315 thoughts on “My Tattoo Removal & The Power of Stillness

  1. If we could handle a painful operation like this, what else could we do? Sometimes it takes something really painful or even life threatening to learn to surrender to stillness, which is basically to surrender to God. Beautiful sharing Katerina, thank you.

  2. All the tension and conflict that can occur within myself or with another is BECAUSE I’ve left my Stillness. None of this ‘she said this/He did that’ stuff, that comes in after we leave our Stillness. Thank you Katerina for this reminder.

  3. I am totally amazed at how we actually fight ourselves so that we don’t get to feel how powerful we are and how exhausting it is to continually fight our innate stillness. No wonder we are all living in exhaustion.
    The more I allow myself to drop into the stillness the more I feel my own love the feeling is quite exquisite and I am left wondering why I put up such a fight to deny myself this love that I have craved all my life.

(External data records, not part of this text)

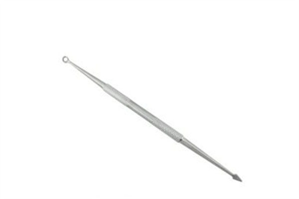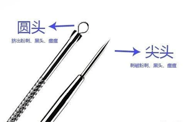 1.观察粉刺针,尖端用来刺破粉刺,圈圈端用来按压粉刺。
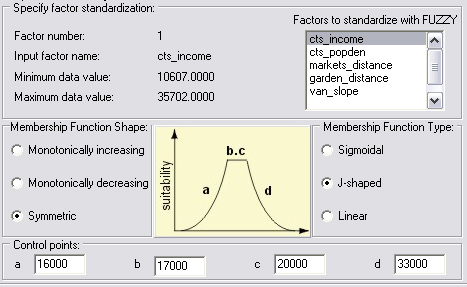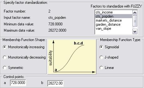 I standardized all the factors and made them fuzzy. Then I defined the weights as follows totalling to 1:
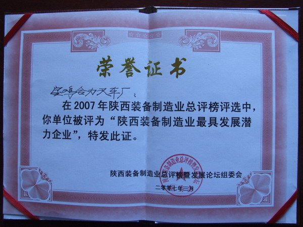 2007年3月21日下午,在古城西安隆重举行的中国西部装备制造业发展论坛暨陕西装备制造业总评榜颁奖盛典上,宝鸡合力叉车厂荣获“陕西装备制造业最具发展潜力企业”称号。

  4. It is quite interesting, that getting tattoos became so fashionable in the last recent years. What does it actually reflects back where we as humanity are at? Why do we need that kind of painful accessory to cover ourselves? What if those who carry those widespread tattoos are the most sensitive people, that actual rebel against the falsity they feel in this world and mistakenly but intentionally protect themselves with that kind of look?

  5. You must be out of your own stillness and love for yourself when you decide to get a tattoo. How could you otherwise go somewhere to have pain?

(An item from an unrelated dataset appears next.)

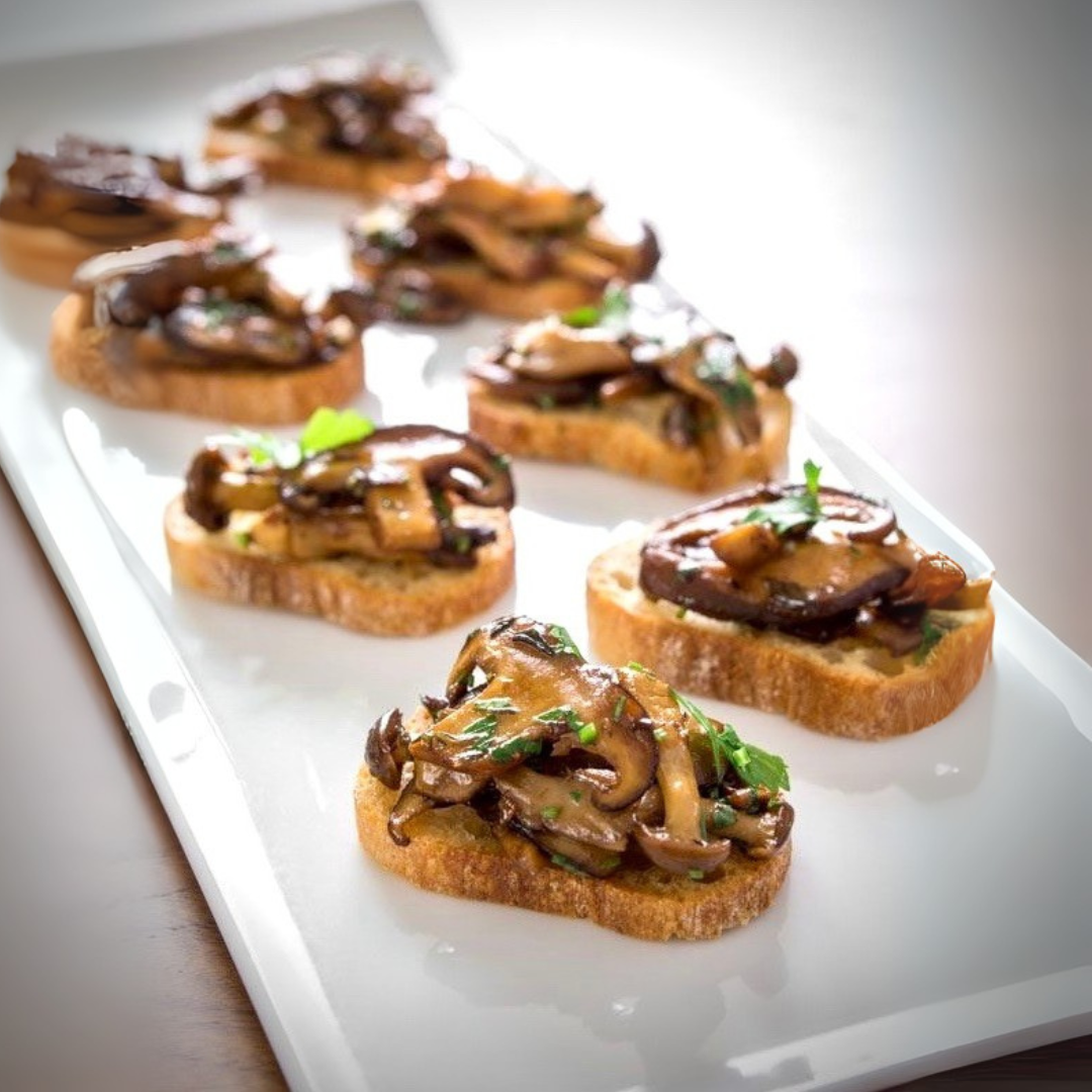 香氣撲鼻的義式烤麵包,上面鋪滿白蘑菇和姬菇,並以百里香、大蒜和少許黑松露精心調味。經200°C高溫烘烤,濃鬱的蘑菇香氣更加濃鬱,帶來溫暖可口的口感,令人難以抗拒。

  6. “Let my stillness instruct my next movement or behaviour.” Beautifully expressed Katerina, we will always connect to the quality of love and preciousness within us the more we surrender and allow our body to lead the way.

  7. Recently, I have been getting leg cramps on waking in the morning and now since reading your blog, rather than bracing myself and jumping out of bed to relieve the pain, I stay in bed for a while to feel the depth of the pain and to uncover what it is that I have created which is being released from my body. This allows a deeper connection with me at the start of my day. Thank you for the inspiration to feel what is beneath my pain.

    1. Allowing ourselves to feel the pain and go deeper allows for us to release so much more. We can then appreciate the healing that is happening and we stay connected. A lovely sharing, thank you Elizabeth.

  8. As I read your blog I am reminded of the force that goes into life and the surrender that supports us when we take our foot off the pedal. That is what I can feel in your blog. Once we take the foot off the pedal and stop pushing through pretending we are not feeling what we are feeling then we can see why we did what we did and let go of the hurt and pain we have been carrying around.